This section describes the scripts (in the scripts/ directory) used to annotate five defect parameters, FileCount, LineCount, TriggeringTestCount, RelevantTestCount, and StatementCoverage. Remaining parameters were obtained by manually analysing the bug tracking systems.

  1. defects4j-specific: This directory contains scripts used to annotate Defects4J defects.

    • getPatchComplexity.py annotates FileCount and LineCount. This script takes as input all_diffs.csv file from the Defects4J benchmark and outputs file Defects4JPatchComplexity.csv that lists Project, DefectId, FileCount, and LineCount for all the defects.
    • getTestcaseDetails.sh annotates TriggeringTestCount and RelevantTestCount. This script requires having Defects4J installed and setting the environment variable PATH to <path-to-Defects4J installation>/framewor/bin. The input to the script required is project, start DefectId and end DefectId (e.g. Chart 1 26). The output generated by the script is file Defects4JTestCounts.csv that lists Project, DefectId, RelevantTestCount, and TriggeringTestCount for all the defects.

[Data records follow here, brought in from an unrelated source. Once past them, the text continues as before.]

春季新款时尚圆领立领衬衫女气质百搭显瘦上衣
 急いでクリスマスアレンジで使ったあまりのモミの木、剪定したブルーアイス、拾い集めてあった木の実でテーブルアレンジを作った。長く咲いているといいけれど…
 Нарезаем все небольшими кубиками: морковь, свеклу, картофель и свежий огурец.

    • getCoverageDetails.py annotates StatementCoverage. This script requires having Defects4J installed and providing the defects4j installation path as command line argument for execution. The output generated by the script is file Defects4JCoverage.csv that lists Project, DefectId and, StatementCoverage for all the defects.

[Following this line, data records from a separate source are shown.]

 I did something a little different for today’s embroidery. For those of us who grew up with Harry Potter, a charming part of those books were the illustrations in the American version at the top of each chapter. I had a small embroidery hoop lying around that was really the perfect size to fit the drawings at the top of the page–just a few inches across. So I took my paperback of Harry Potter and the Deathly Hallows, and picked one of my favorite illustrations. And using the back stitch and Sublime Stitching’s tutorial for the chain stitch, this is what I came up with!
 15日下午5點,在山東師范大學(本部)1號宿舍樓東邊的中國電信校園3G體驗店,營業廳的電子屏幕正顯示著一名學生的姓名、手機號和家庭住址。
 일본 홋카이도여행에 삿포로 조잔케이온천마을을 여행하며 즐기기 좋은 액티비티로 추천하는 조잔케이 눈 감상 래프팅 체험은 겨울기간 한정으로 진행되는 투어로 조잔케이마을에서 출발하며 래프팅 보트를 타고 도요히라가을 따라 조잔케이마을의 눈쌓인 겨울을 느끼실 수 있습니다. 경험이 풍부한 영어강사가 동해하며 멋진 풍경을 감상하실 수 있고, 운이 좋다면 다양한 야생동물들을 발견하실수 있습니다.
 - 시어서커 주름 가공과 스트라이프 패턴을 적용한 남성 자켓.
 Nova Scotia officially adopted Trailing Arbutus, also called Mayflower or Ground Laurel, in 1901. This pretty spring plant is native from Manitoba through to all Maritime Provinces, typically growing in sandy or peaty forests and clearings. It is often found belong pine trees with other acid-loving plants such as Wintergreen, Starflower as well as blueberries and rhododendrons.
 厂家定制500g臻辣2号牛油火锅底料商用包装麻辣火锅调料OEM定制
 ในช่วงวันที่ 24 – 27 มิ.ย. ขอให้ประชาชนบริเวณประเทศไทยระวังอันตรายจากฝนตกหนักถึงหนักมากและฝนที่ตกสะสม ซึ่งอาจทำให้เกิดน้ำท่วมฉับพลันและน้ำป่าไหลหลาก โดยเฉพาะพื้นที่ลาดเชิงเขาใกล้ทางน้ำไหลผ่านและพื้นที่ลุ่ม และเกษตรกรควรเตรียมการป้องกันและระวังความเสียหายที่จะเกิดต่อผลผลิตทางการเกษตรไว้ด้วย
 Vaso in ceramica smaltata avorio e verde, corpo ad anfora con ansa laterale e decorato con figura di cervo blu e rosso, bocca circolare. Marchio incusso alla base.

  2. manybugs-specific - This directory contains scripts used to annotate ManyBugs defects.

    • getPatchComplexity.py annotates FileCount and LineCount, without counting the the blank and comment lines in the developer-written patches. This script requires ManyBugs scenarios downloaded from http://repairbenchmarks.cs.umass.edu/ManyBugs/scenarios/. The script requires specifying the path to ManyBugs scenarios as command-line argument. The output generated by the script is file ManyBugsPatchComplexity.csv that lists Project, DefectId, FileCount, and LineCount for all the 185 ManyBugs defects.

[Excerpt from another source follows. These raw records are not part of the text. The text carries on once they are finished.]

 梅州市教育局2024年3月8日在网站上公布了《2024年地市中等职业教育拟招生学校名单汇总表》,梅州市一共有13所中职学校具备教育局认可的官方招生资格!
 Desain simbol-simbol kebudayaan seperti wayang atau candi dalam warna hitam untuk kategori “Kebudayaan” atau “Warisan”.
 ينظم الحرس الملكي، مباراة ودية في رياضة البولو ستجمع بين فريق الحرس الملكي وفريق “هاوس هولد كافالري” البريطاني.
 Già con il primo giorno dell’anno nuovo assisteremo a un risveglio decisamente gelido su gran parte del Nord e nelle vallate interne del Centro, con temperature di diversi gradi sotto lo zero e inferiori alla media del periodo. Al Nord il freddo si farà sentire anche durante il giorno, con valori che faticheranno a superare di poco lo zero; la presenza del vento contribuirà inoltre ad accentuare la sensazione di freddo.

    • getTestcaseDetails.py annotates TriggeringTestCount and RelevantTestCount. This script takes as input the ManyBugs scenarios available at http://repairbenchmarks.cs.umass.edu/ManyBugs/scenarios/. The output generated by the script is file ManyBugsTestCounts.csv that lists Project, DefectId, PositiveTestCount, NegativeTestCount, RelevantTestCount, and TriggeringTestCount.
References:
  1. Long, F., Rinard, M.: Automatic patch generation by learning correct code. In: ACM SIGPLAN-SIGACT Symposium on Principles of Programming Languages (POPL), pp. 298–312. St. Petersburg, FL, USA (2016). DOI 10.1145/2837614.2837617
  2. Martinez, M., Durieux, T., Sommerard, R., Xuan, J., Monperrus, M.: Automatic repair of real bugs in Java: A large-scale experiment on the Defects4J dataset. Empirical Software Engineering (EMSE) (2016)